**WORK TO BE COMPLETED:**
Output each entry below as it stands, leaving out every picture.

━━ STUDY MATERIAL ━━

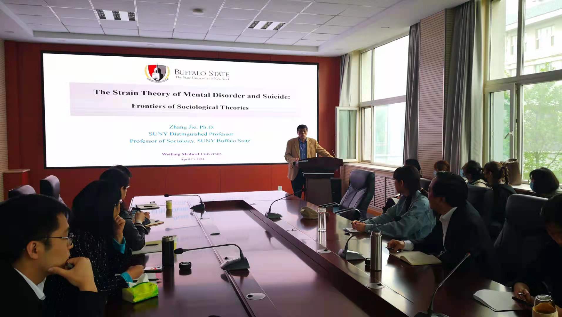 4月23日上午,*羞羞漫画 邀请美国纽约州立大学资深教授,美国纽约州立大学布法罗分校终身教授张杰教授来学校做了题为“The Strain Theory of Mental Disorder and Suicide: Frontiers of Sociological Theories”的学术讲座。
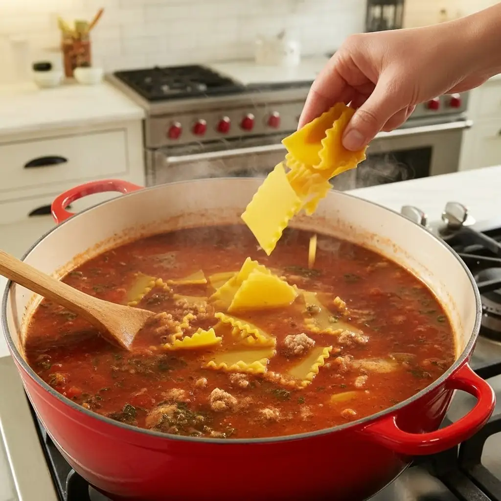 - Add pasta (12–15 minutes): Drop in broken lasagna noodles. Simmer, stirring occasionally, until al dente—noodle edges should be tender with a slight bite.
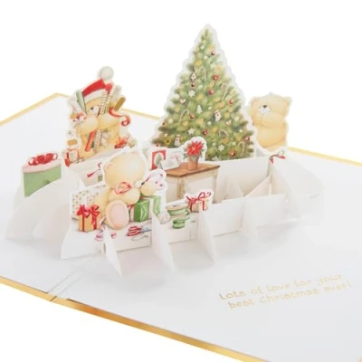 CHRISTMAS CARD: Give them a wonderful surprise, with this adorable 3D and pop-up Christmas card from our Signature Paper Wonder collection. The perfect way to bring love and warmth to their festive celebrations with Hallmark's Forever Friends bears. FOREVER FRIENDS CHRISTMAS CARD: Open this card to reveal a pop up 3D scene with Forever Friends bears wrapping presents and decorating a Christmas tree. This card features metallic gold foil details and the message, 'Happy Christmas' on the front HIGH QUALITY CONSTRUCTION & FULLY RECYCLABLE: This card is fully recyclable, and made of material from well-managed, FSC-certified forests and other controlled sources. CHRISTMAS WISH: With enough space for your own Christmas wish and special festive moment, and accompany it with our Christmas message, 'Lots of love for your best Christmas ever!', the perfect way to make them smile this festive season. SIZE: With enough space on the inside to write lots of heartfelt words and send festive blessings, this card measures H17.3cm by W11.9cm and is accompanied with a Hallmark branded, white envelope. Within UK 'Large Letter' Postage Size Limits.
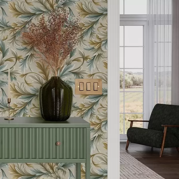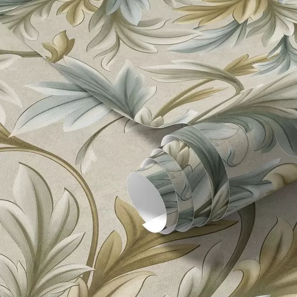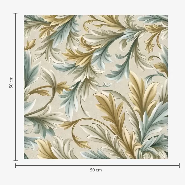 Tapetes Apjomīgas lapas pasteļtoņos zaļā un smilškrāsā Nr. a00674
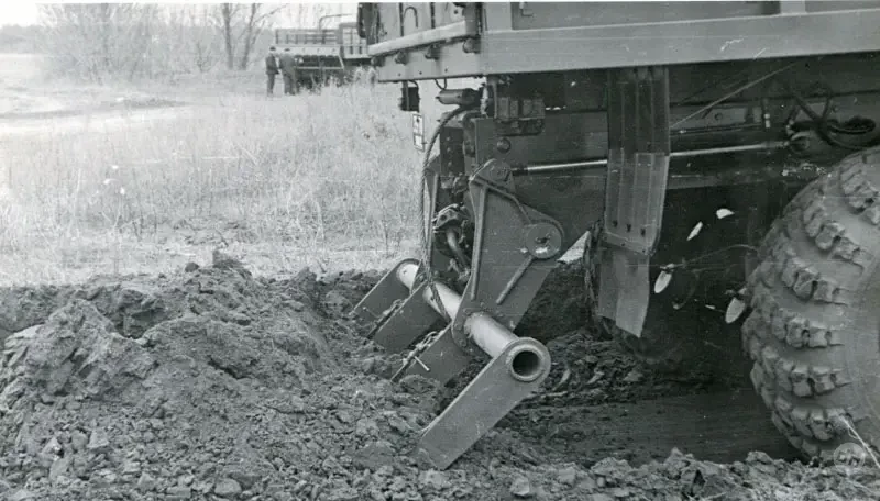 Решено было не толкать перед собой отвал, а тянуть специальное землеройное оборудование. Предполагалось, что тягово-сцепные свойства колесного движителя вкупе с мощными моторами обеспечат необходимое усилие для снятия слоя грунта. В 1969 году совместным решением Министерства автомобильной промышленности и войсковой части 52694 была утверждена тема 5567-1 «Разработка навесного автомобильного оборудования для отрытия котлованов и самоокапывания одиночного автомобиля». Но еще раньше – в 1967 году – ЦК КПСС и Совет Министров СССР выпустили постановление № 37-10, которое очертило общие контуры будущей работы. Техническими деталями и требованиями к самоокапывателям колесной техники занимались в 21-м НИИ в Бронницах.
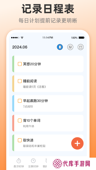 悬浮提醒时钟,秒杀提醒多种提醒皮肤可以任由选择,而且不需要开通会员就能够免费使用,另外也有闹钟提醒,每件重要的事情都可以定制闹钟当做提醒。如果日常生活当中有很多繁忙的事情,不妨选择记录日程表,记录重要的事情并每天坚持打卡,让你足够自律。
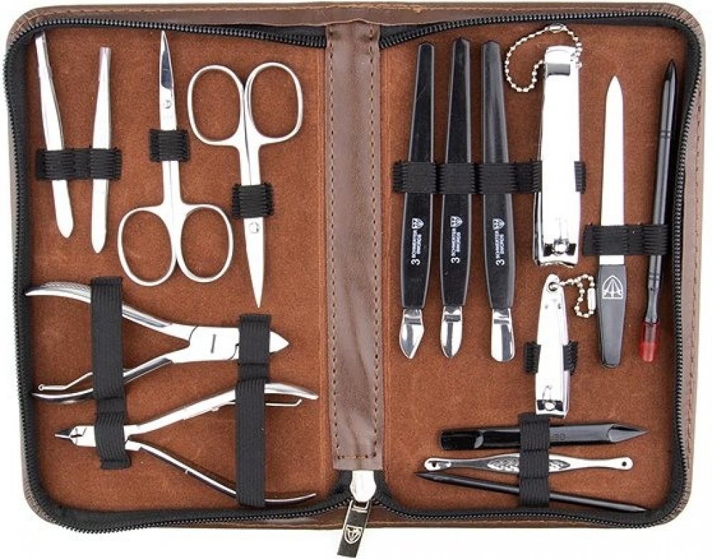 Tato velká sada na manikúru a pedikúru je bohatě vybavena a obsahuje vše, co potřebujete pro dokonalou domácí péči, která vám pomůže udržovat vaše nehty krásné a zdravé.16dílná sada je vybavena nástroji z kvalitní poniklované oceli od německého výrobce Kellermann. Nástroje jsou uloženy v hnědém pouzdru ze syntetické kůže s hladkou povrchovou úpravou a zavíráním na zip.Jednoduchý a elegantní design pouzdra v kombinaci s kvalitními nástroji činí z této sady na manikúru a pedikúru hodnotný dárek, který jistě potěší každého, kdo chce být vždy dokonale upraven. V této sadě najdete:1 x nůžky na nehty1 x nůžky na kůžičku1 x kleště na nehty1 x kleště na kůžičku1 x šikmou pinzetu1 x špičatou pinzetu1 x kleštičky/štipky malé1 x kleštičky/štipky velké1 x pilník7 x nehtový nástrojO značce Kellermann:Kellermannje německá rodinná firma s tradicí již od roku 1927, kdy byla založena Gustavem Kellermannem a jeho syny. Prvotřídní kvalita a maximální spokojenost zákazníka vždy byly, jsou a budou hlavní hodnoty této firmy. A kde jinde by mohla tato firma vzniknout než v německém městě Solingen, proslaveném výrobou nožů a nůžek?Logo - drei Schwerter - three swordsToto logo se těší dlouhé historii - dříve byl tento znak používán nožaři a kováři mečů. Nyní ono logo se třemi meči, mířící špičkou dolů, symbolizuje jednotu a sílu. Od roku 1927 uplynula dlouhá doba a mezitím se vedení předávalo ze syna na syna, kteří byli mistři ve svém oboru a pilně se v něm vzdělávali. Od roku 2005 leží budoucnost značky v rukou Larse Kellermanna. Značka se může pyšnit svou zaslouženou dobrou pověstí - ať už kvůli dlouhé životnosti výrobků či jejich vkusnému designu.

━━━

**WRITTEN ANSWER:**
 4月23日上午,*羞羞漫画 邀请美国纽约州立大学资深教授,美国纽约州立大学布法罗分校终身教授张杰教授来学校做了题为“The Strain Theory of Mental Disorder and Suicide: Frontiers of Sociological Theories”的学术讲座。
 - Add pasta (12–15 minutes): Drop in broken lasagna noodles. Simmer, stirring occasionally, until al dente—noodle edges should be tender with a slight bite.
 CHRISTMAS CARD: Give them a wonderful surprise, with this adorable 3D and pop-up Christmas card from our Signature Paper Wonder collection. The perfect way to bring love and warmth to their festive celebrations with Hallmark's Forever Friends bears. FOREVER FRIENDS CHRISTMAS CARD: Open this card to reveal a pop up 3D scene with Forever Friends bears wrapping presents and decorating a Christmas tree. This card features metallic gold foil details and the message, 'Happy Christmas' on the front HIGH QUALITY CONSTRUCTION & FULLY RECYCLABLE: This card is fully recyclable, and made of material from well-managed, FSC-certified forests and other controlled sources. CHRISTMAS WISH: With enough space for your own Christmas wish and special festive moment, and accompany it with our Christmas message, 'Lots of love for your best Christmas ever!', the perfect way to make them smile this festive season. SIZE: With enough space on the inside to write lots of heartfelt words and send festive blessings, this card measures H17.3cm by W11.9cm and is accompanied with a Hallmark branded, white envelope. Within UK 'Large Letter' Postage Size Limits.
 Tapetes Apjomīgas lapas pasteļtoņos zaļā un smilškrāsā Nr. a00674
 Решено было не толкать перед собой отвал, а тянуть специальное землеройное оборудование. Предполагалось, что тягово-сцепные свойства колесного движителя вкупе с мощными моторами обеспечат необходимое усилие для снятия слоя грунта. В 1969 году совместным решением Министерства автомобильной промышленности и войсковой части 52694 была утверждена тема 5567-1 «Разработка навесного автомобильного оборудования для отрытия котлованов и самоокапывания одиночного автомобиля». Но еще раньше – в 1967 году – ЦК КПСС и Совет Министров СССР выпустили постановление № 37-10, которое очертило общие контуры будущей работы. Техническими деталями и требованиями к самоокапывателям колесной техники занимались в 21-м НИИ в Бронницах.
 悬浮提醒时钟,秒杀提醒多种提醒皮肤可以任由选择,而且不需要开通会员就能够免费使用,另外也有闹钟提醒,每件重要的事情都可以定制闹钟当做提醒。如果日常生活当中有很多繁忙的事情,不妨选择记录日程表,记录重要的事情并每天坚持打卡,让你足够自律。
 Tato velká sada na manikúru a pedikúru je bohatě vybavena a obsahuje vše, co potřebujete pro dokonalou domácí péči, která vám pomůže udržovat vaše nehty krásné a zdravé.16dílná sada je vybavena nástroji z kvalitní poniklované oceli od německého výrobce Kellermann. Nástroje jsou uloženy v hnědém pouzdru ze syntetické kůže s hladkou povrchovou úpravou a zavíráním na zip.Jednoduchý a elegantní design pouzdra v kombinaci s kvalitními nástroji činí z této sady na manikúru a pedikúru hodnotný dárek, který jistě potěší každého, kdo chce být vždy dokonale upraven. V této sadě najdete:1 x nůžky na nehty1 x nůžky na kůžičku1 x kleště na nehty1 x kleště na kůžičku1 x šikmou pinzetu1 x špičatou pinzetu1 x kleštičky/štipky malé1 x kleštičky/štipky velké1 x pilník7 x nehtový nástrojO značce Kellermann:Kellermannje německá rodinná firma s tradicí již od roku 1927, kdy byla založena Gustavem Kellermannem a jeho syny. Prvotřídní kvalita a maximální spokojenost zákazníka vždy byly, jsou a budou hlavní hodnoty této firmy. A kde jinde by mohla tato firma vzniknout než v německém městě Solingen, proslaveném výrobou nožů a nůžek?Logo - drei Schwerter - three swordsToto logo se těší dlouhé historii - dříve byl tento znak používán nožaři a kováři mečů. Nyní ono logo se třemi meči, mířící špičkou dolů, symbolizuje jednotu a sílu. Od roku 1927 uplynula dlouhá doba a mezitím se vedení předávalo ze syna na syna, kteří byli mistři ve svém oboru a pilně se v něm vzdělávali. Od roku 2005 leží budoucnost značky v rukou Larse Kellermanna. Značka se může pyšnit svou zaslouženou dobrou pověstí - ať už kvůli dlouhé životnosti výrobků či jejich vkusnému designu.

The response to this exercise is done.